- [TASK DIRECTIONS] Write out the listing, please, but only from its first line through the line containing "買了這機器雖不是直接跟原廠買", exactly as given and without pictures.

- [DATA SUPPLIED]
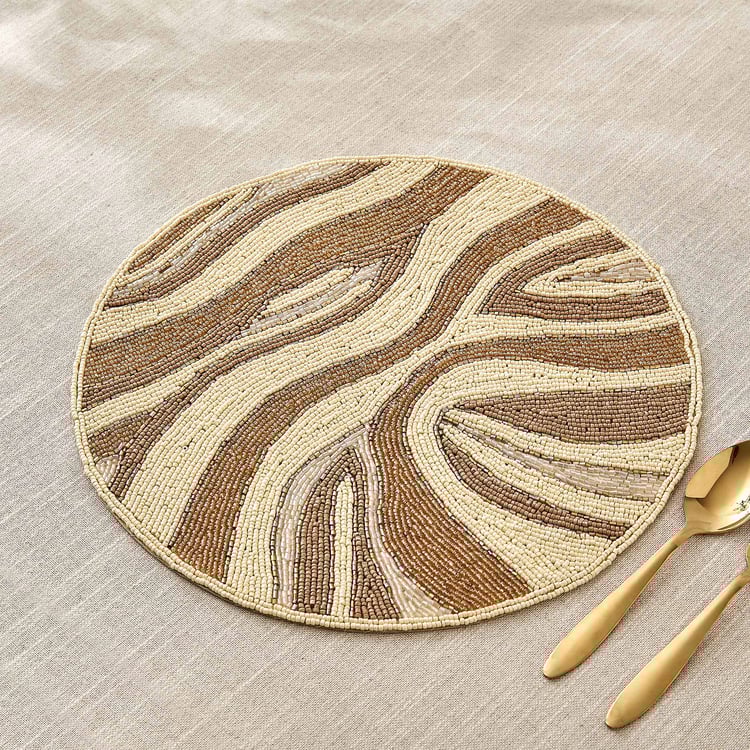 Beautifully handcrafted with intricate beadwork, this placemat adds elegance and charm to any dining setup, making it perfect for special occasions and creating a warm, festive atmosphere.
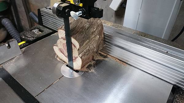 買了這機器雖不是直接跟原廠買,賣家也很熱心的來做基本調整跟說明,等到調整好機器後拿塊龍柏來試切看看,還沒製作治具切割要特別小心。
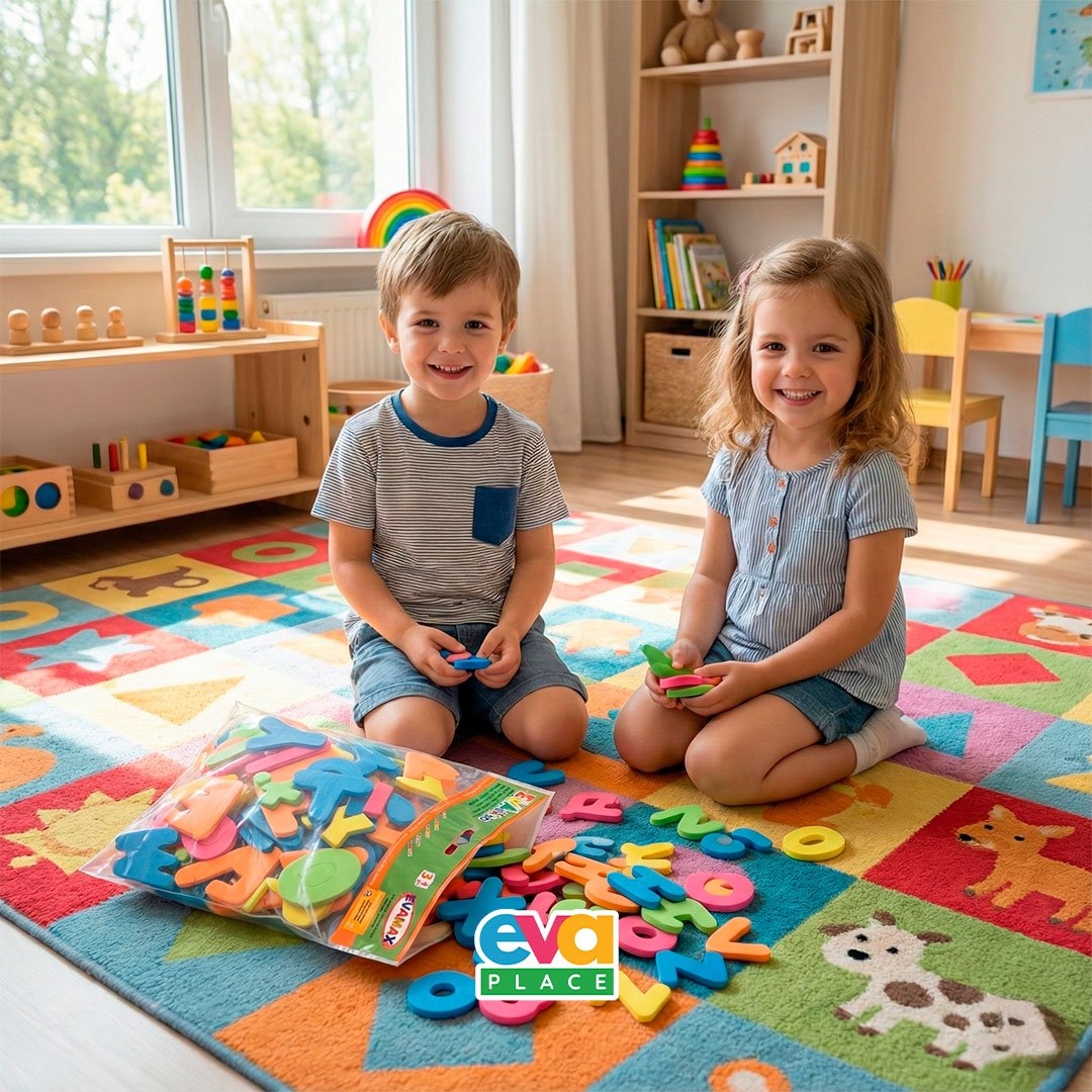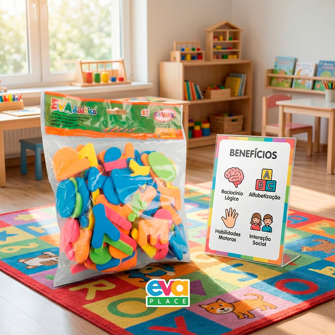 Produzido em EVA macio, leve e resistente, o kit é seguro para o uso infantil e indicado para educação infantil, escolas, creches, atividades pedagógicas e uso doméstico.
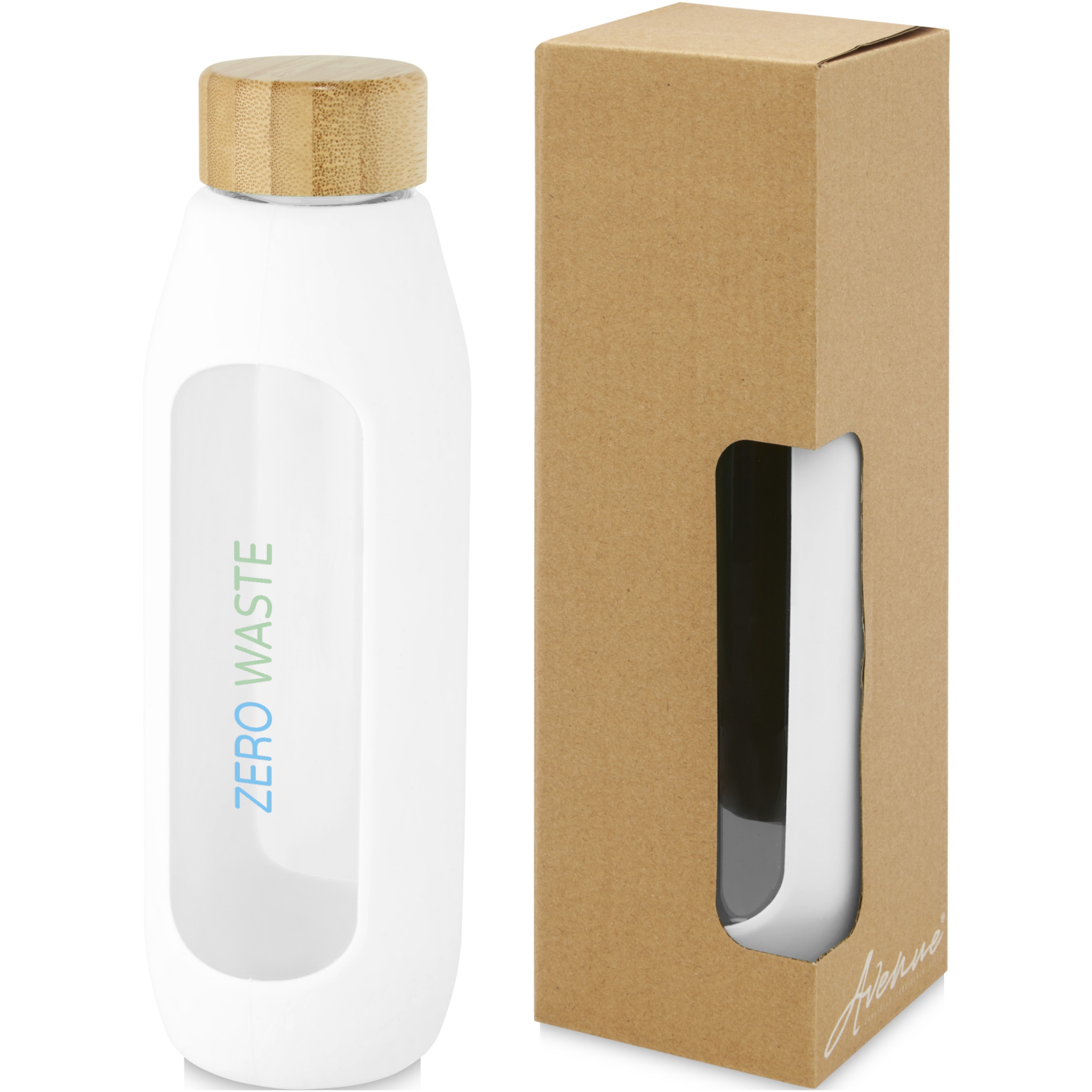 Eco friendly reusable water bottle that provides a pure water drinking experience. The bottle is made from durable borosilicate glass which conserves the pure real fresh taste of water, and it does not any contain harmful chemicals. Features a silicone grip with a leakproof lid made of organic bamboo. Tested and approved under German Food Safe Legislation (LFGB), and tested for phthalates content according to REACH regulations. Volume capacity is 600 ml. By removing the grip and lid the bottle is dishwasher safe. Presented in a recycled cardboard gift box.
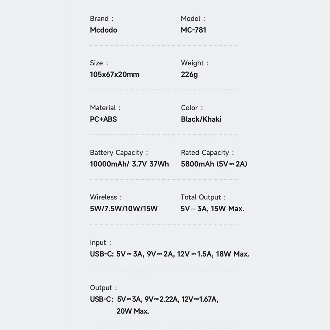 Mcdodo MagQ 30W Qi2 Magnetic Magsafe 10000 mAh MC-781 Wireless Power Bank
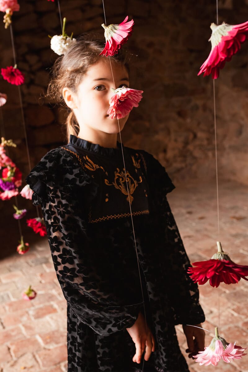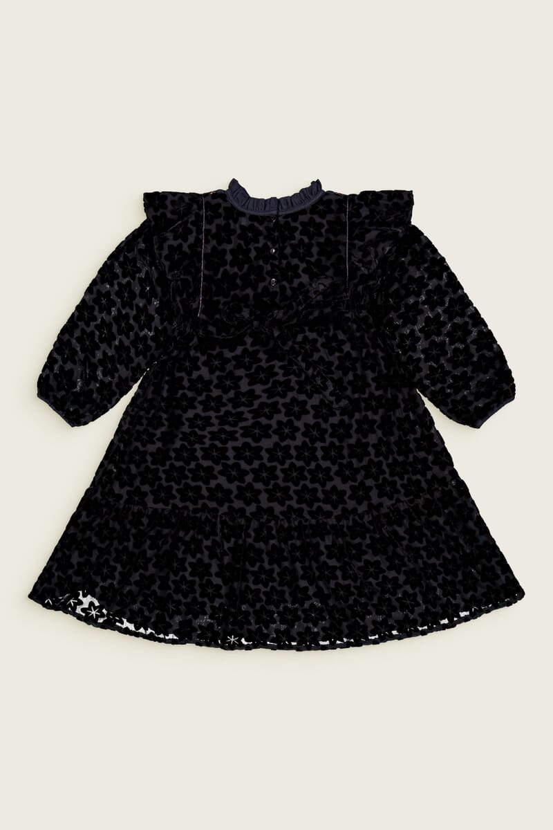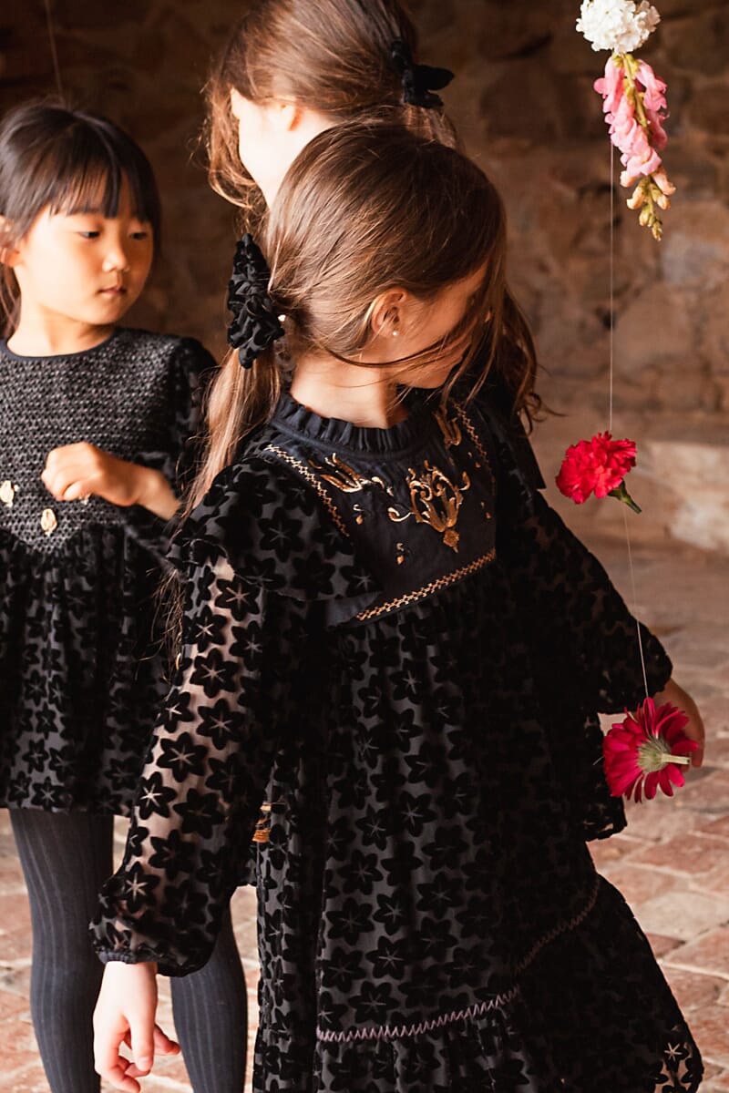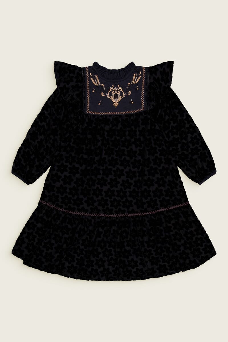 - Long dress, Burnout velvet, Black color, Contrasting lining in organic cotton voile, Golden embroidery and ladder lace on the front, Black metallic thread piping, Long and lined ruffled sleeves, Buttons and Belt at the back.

- [OUTPUT]
 Beautifully handcrafted with intricate beadwork, this placemat adds elegance and charm to any dining setup, making it perfect for special occasions and creating a warm, festive atmosphere.
 買了這機器雖不是直接跟原廠買,賣家也很熱心的來做基本調整跟說明,等到調整好機器後拿塊龍柏來試切看看,還沒製作治具切割要特別小心。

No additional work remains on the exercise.